Who is this Accord relevant for? Diverse audiences should find it useful: from members of armed groups, to diplomats, donors, mediators, analysts, and journalists. We have tried to make it accessible, avoiding jargon where we could. Regardless of your background, role or location, we hope there are insights and ‘little gems’ across the publication that resonate with your experiences and interests.
Structure of the publication
The edition is organised around three elements:
- Part 1 – Setting the scene
- Part 2 – Perspectives on peacemaking practice and case studies
- Part 3 – Testing new approaches
Each part is described further below.
Part 1. Setting the scene
Part 1 looks at key trends and developments in early peacemaking: ‘actors and factors’; incentives and disincentives to continue fighting or engage in dialogue; how asymmetries between and within conflict parties affect their pathways to peace talks; the potential of nonviolent movements to prepare the ground for peacemaking; and funding trends of third-party peace process support.
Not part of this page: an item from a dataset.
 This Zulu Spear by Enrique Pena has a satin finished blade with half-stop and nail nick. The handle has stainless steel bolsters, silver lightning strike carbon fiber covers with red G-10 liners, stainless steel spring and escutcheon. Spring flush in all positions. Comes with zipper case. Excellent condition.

These scene-setting articles provide a stock-take of the increasingly hostile context in which contemporary peacemaking is trying to progress. Arguably, peacemaking has struggled to keep pace with developments in warfare and geopolitics. Systems and policies are slow to adapt to this fast-moving landscape, though adjustments to Covid-19 do suggest faster learning curves are possible. The articles catalogue tensions and asymmetries in the early and pre-formal phases and the peace pathways that are starting to be laid down.
Actors and factors
Sophie Haspeslagh, independent analyst, and Andrei Gomez-Suarez, co-founder of Rodeemos el Diálogo, explore the factors that have propelled belligerents in Colombia to the negotiating table, what kept them there and, at times, made them step away. Navigating asymmetries is a core feature of early phase peace processes. The authors note that governments, not just armed groups, lack preparedness for peacemaking and negotiation. Conflict parties seldom speak with ‘one voice’ as hawks and doves jostle for primacy and relevance, and both state and non-state parties bene t from mediation support to build ‘pro-peace’ internal coherence (‘We needed to know who “us” is’, as a Colombian government official once remarked to me). The authors also explore peacemaking ‘drag factors’ such as the limiting effects of proscription regimes.
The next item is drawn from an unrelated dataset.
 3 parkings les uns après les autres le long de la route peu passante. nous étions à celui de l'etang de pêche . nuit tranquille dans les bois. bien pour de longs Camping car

International peacemaking has historically privileged militarised – primarily male – actors. But this is changing with a growing focus on the power of nonviolent movements. Jonathan Pinckney, research lead for the Program on Nonviolent Action at the United States Institute for Peace, argues that such movements are often best placed to pressure armed actors to prepare the ground for a peace process. Breadth of connections with communities, political parties, business groups, student and youth movements, and feminist constituencies can give them greater social and political legitimacy and leverage. Yet these actors are frequently marginalised by both conflict parties wary of widening negotiations, and some peacemakers who may underestimate their potential. Pinckney acknowledges the increasing personal risks involved for nonviolent activists but suggests that peace support entities can change their analysis and approach to better include them.
Alexander Ramsbotham, Accord Director at Conciliation Resources, drills down into the journeys out of violence taken by some opposition groups and their perceptions of negotiations. Drawing on discussions with members of past and current armed opposition groups, the article links with others in this Accord looking at the Basque Country and Myanmar, focusing on two sticky areas (among many) that such groups struggle with: moving beyond security arrangements to political dialogue; and managing internal cohesion as dialogue and its attendant demands and compromises kick in. The article concludes with a vital reminder that peace support organisations undertake winding journeys with a host of conflict parties, including non-state armed opposition groups, to encourage dialogue and negotiation preparedness. This can be convoluted and hard to quantify but worth the investment in providing essential advice, fresh ideas and a myriad of support to transition to negotiation mode.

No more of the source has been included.